The gap between intention and reception can create a crossfire of miscommunication - where meaning becomes alienated from form and the most intangible aspects of speech are cast into the spotlight. In the theoretical space between intention and reception - where communication can either prosper or become fragmented - lie determinants such as perception and recognition. We therefore largely depend upon these two elements to formulate successful interactions, and to form the fabric of what we perceive as reality - in the sense that we depend upon information to guide, instruct, elucidate and define the world around us.
Sayre (1965, p. 177), examines the distinction between perception and recognition - and the roles they play in our understanding and interpretation of the world around us: "According to the theory outlined in Plato "Meno" and Phaedo, acquisition of knowledge is a matter of recollection or recognition. As someone comes to know that about which he has been ignorant, he "cognizes again" .. If I have never seen, been told about, read about or in some other way come to know about gooseberries, then upon seeing a gooseberry for the first time I scarcely could be said to recognize it.
The next time I see a gooseberry I probably will recognize it, if not by name then at least as an object of the sort I had seen some time previously. But if the first time one perceives an object is the first time one has ever been cognitively aware of such an object, perforce at that time one does not recognize it. It is commonplace, on the other hand, that we perceive objects which we have never perceived before, nor learned about in any other way." In this understanding of recognition and perception, the act of recognition is, by definition, rooted in the realm of memory and past experience.

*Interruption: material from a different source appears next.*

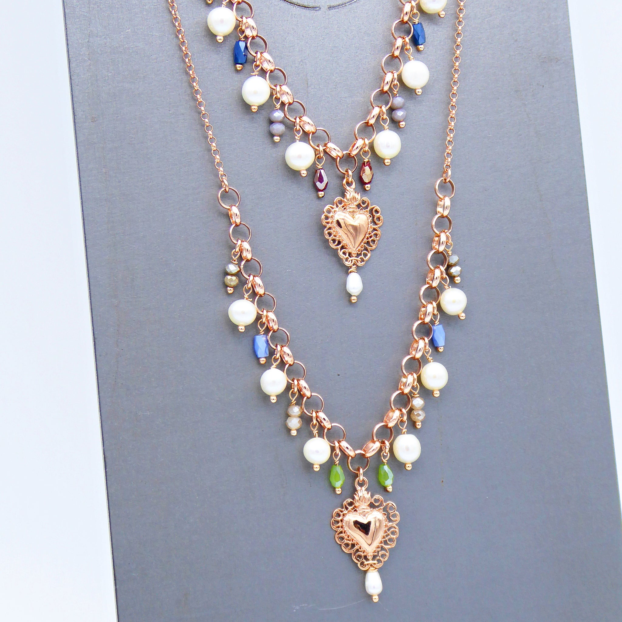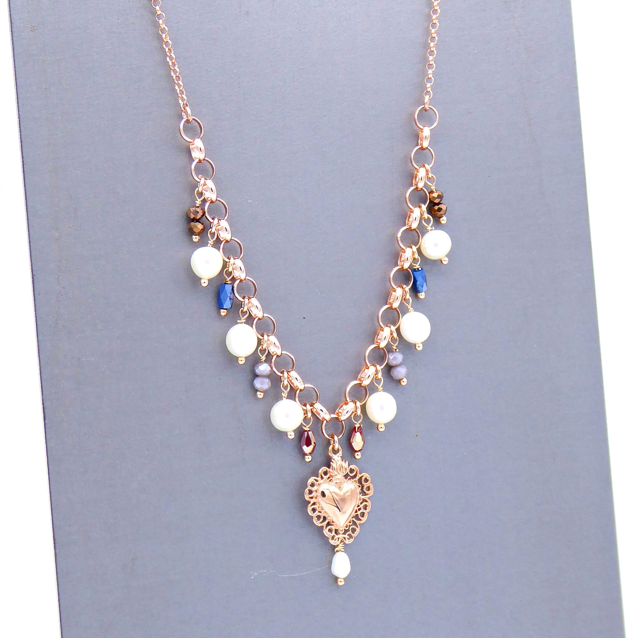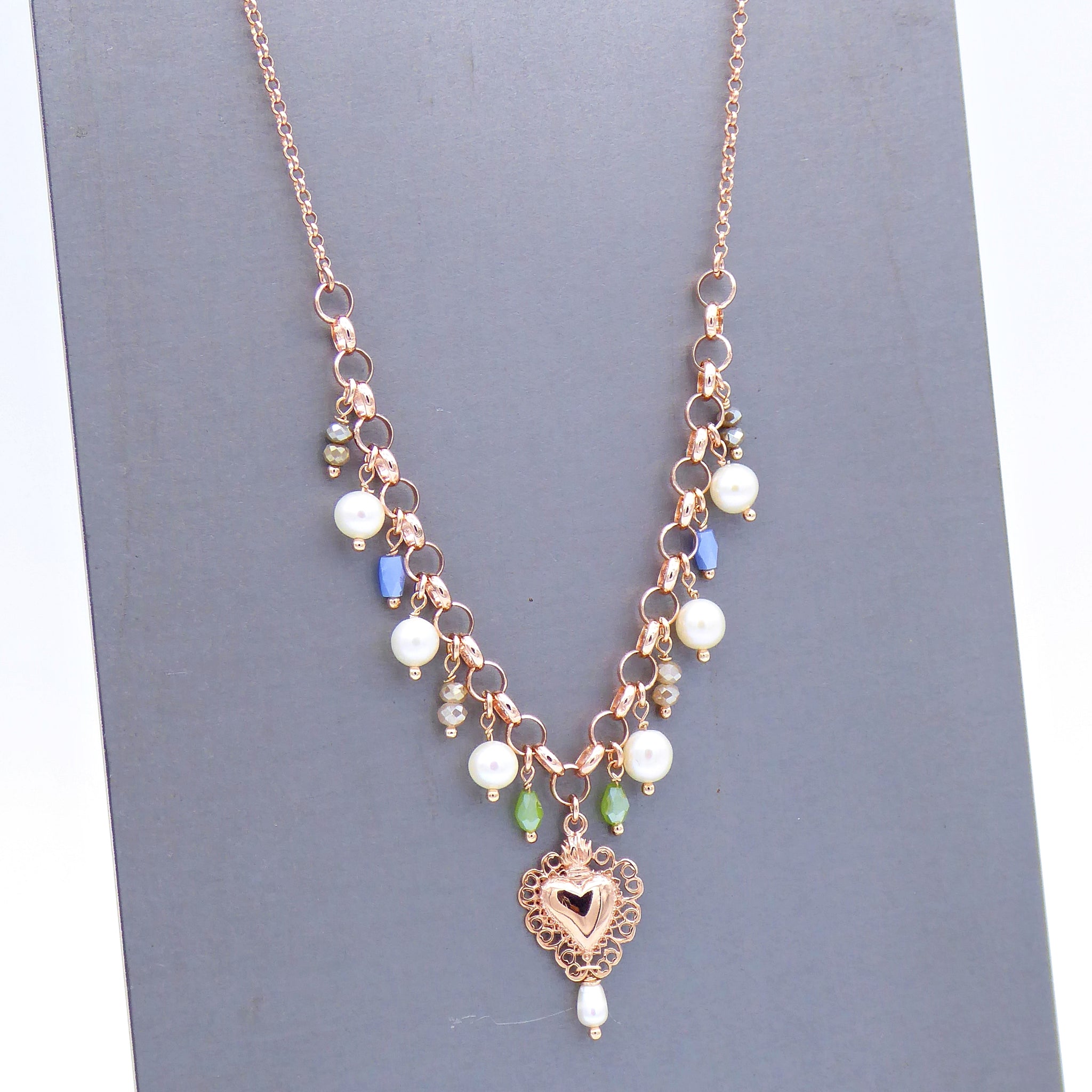 Collana 50cm forzatina/rolò grande con pietre e Cuore sacro PE 592

Memory, it is generally accepted, tends towards subjectivity, embellishment and is often powerfully influenced by the emotions or mindset that were in force at the time when the incident occured. It follows that recognition is unreliable as an objective conduit for accurately conveying intended meaning - as it will always be influenced by a recipient's internalised framework of understanding. In this way, the eventual meaning conveyed by a piece of information is outside of the control of the speaker or communicator from the moment the idea leaves their immediate sphere and enters a communication channel - whether that channel be through the medium of speech, or through a technological pathway such as the internet.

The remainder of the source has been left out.